GREATER YELLOWLEGS (Tringa melanoleuca)
Regular throughout, with leisurely views of many at Two Mile Landing and Forsythe NWR.
WILLET (WESTERN) (Tringa semipalmata inornata)
Scores preened and snoozed on grassy islets in a pan at the Wetlands Institute, waking up noisily when another group of 20 or so dropped in. They were all the western subspecies "inornata", which is paler, longer-legged and longer-billed than eastern birds. The latter are typically long gone from their eastern breeding grounds by the time of our tour.
PARASITIC JAEGER (Stercorarius parasiticus)
At least two chased some hapless terns around over the sea near the Avalon seawatch, showing nicely their remarkable agility. Their habit of stealing other birds' catches is what gives them their common name.
LAUGHING GULL (Leucophaeus atricilla)
Common throughout, with all ages seen -- including a few brown youngsters, which were conspicuously scarce this year. Two big summer storms, which overtopped the back bay marshes where the birds breed, killed the entirety of two broods this summer, and only a small number of pairs attempted a third.
RING-BILLED GULL (Larus delawarensis)
One with a couple of Herring Gulls and a Laughing Gull for convenient comparison at Shell Bay one afternoon. This is a winter visitor to Cape May, and will be arriving in increasing numbers over the next few weeks.
HERRING GULL (AMERICAN) (Larus argentatus smithsonianus)

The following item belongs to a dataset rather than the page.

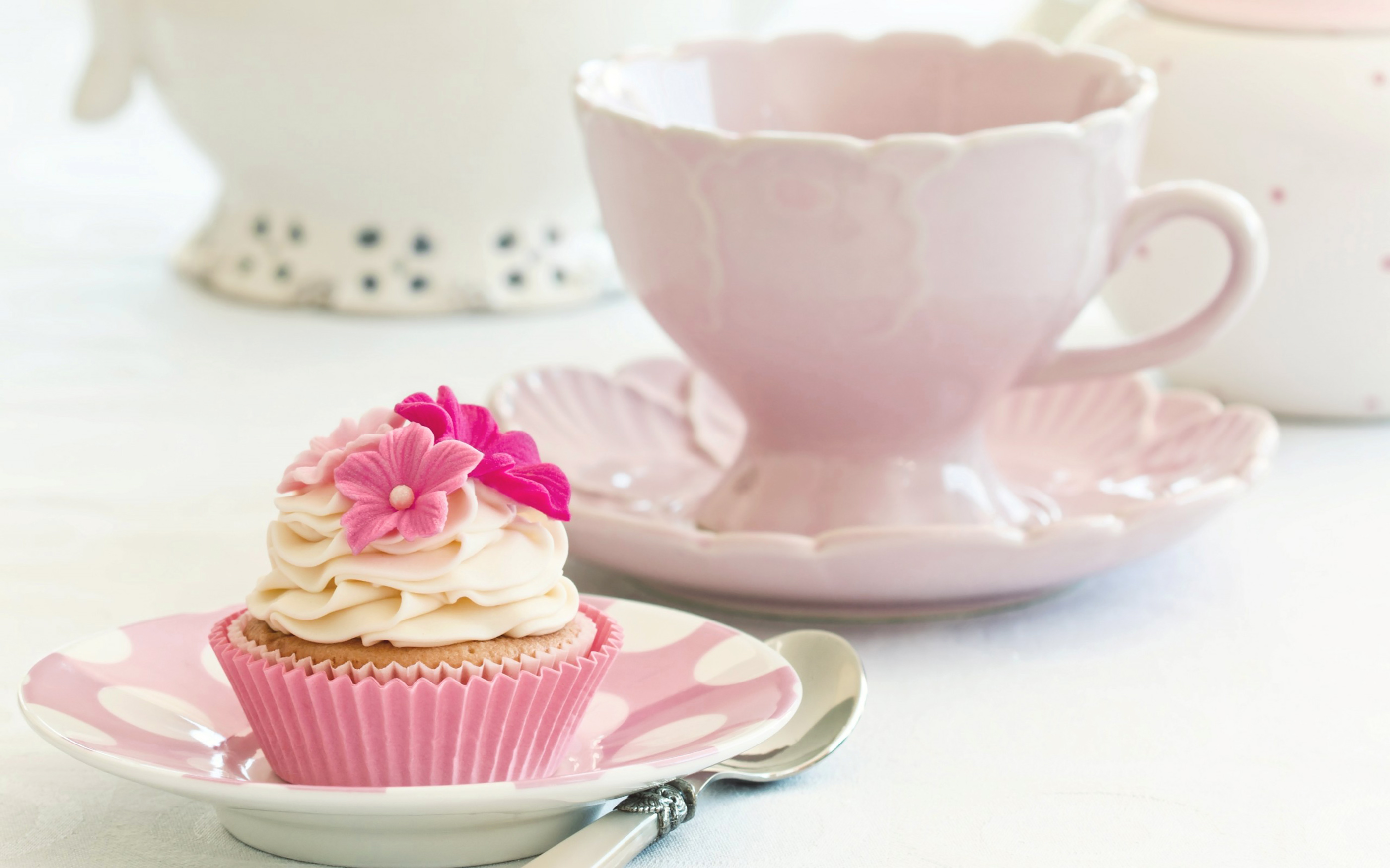 This Background: "Delicate Background with Pink Cake with Flowers" is part of

Common throughout, including plenty of scruffy-looking brownish-gray youngsters.
LESSER BLACK-BACKED GULL (Larus fuscus)
A handful of adults on the Cape May beach gave us the opportunity to compare them with their nearby larger cousins as they patrolled the surf line, and we saw others at Stone Harbor Point. This species has become considerably more common on the eastern coast of the US over the past few decades.
GREAT BLACK-BACKED GULL (Larus marinus)
Abundant throughout, including dozens resting on pilings at Shell Bay and snoozing on the Cape May beach. This is the world's largest gull.
CASPIAN TERN (Hydroprogne caspia)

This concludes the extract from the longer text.